* **Task goal**
The listing below should be printed exactly, every line of it. Skip the pictures.

* **Data**
◇ ◇ ◇ ◇ ◇ ◇ ◇

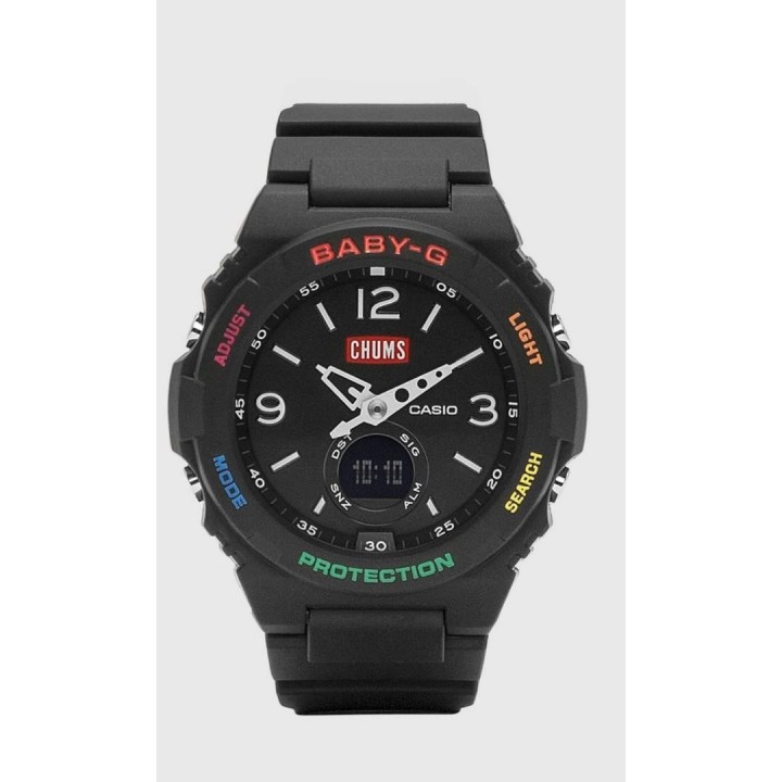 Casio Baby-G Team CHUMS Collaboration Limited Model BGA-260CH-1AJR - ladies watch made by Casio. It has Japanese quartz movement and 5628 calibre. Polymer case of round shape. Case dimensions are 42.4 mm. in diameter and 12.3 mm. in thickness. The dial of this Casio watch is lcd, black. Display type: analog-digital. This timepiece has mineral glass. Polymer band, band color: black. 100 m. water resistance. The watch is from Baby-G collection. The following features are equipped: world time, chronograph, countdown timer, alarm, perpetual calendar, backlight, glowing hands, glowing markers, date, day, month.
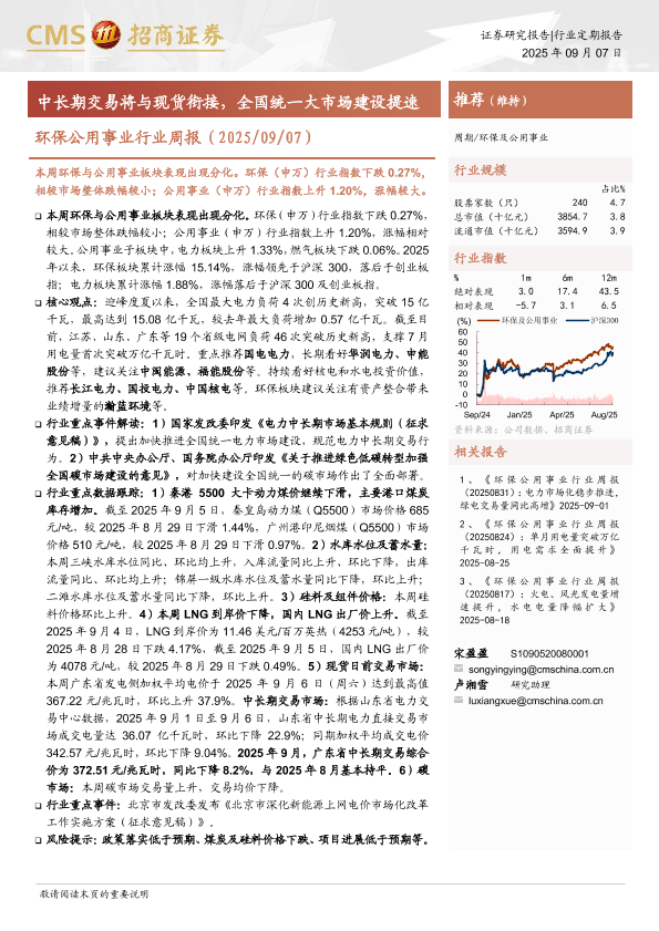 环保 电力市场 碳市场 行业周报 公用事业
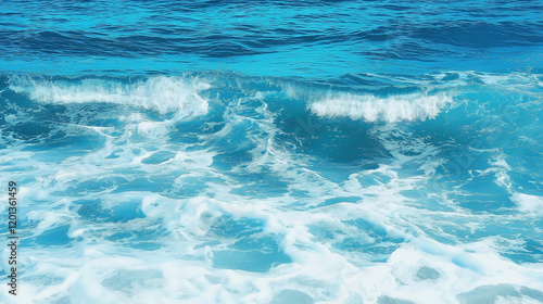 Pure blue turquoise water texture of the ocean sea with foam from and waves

◇ ◇ ◇ ◇ ◇ ◇ ◇

* **Task output**
 Casio Baby-G Team CHUMS Collaboration Limited Model BGA-260CH-1AJR - ladies watch made by Casio. It has Japanese quartz movement and 5628 calibre. Polymer case of round shape. Case dimensions are 42.4 mm. in diameter and 12.3 mm. in thickness. The dial of this Casio watch is lcd, black. Display type: analog-digital. This timepiece has mineral glass. Polymer band, band color: black. 100 m. water resistance. The watch is from Baby-G collection. The following features are equipped: world time, chronograph, countdown timer, alarm, perpetual calendar, backlight, glowing hands, glowing markers, date, day, month.
 环保 电力市场 碳市场 行业周报 公用事业
 Pure blue turquoise water texture of the ocean sea with foam from and waves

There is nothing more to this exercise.